A 7-point blog post is hardly "long-form" :)

But more to the point, Rust has already achieved this "interface formality", as we state in the second paragraph of this "long-form" piece. That achievement on the part of Rust is indeed groundbreaking. Is it so crazy to claim that this can be replicated for C, without encumbering it with ownership considerations that have no relationship to interface formality?

Fair enough. We have a much more generous definition of "working prototype" than you do. Hopefully one day soon we'll have something that clears yours.

> Is it so crazy to claim that this can be replicated for C, without encumbering it with ownership considerations that have no relationship to interface formality?

You're not replicating what Rust does, you're replicating what Frama-C does.

Then again, even just replicating what Rust does would be extremely difficult (if not impossible) given the pervasiveness of undefined behavior in C.

> Fair enough. We have a much more generous definition of "working prototype" than you do.

How many useful C programs do you know that require no loops and no binary operators?

> Xr0 1.0.0 will enable programming in C with no undefined behaviour, but for now it's useful for verifying sections of programs.

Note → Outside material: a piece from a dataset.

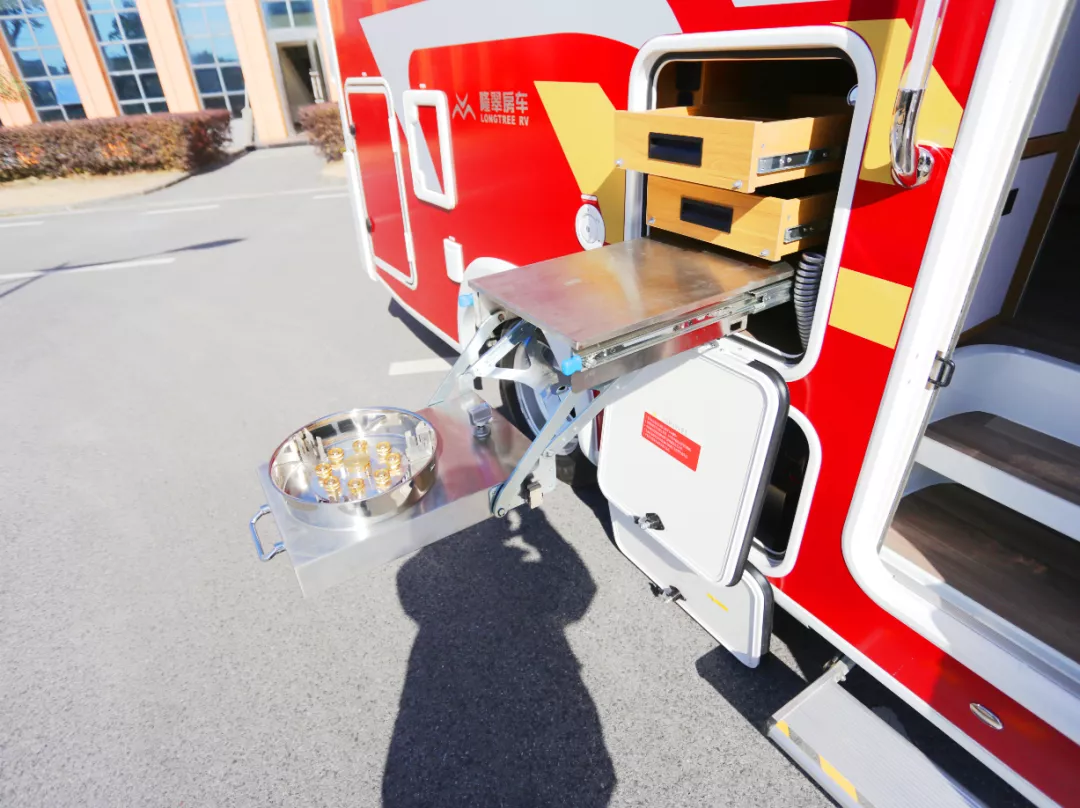 车身外侧配有3.5m多美达遮阳棚,可选配定制版带灯带设计,配置有燃气灶外置厨房,预留有5kg燃气罐舱空间,此外,还拥有水电接口、外置淋浴器及贯通式的储物舱等配置,可在后期选配电动驻车支腿、菲亚玛爬梯、三眼拖车杠、柴油灶等。

Literally on the website. The purpose of the prototype is to show the feasibility of the approach we've taken, not to work on whole programs.

> The purpose of the prototype is to show the feasibility of the approach we've taken

But it doesn't do that. You haven't shown that this approach is able to deal with loops and loops are pretty fundamental to every C program.

Heck, you haven't technically shown that this approach can deal with binary operators. I would love to turn Xr0 into an improptu SAT solver, but without `&&` and `||` that sadly isn't possible right now.

You missed the `!=`, `==` (in many instances), bitwise operators, recursion and `goto`. (And much, much more.)

Xr0 is a work in progress, and we'll get there step-by-step.

Yes, the subset of C it currently supports is so small I'm really puzzled what you think this prototype is proving. That you can parse C?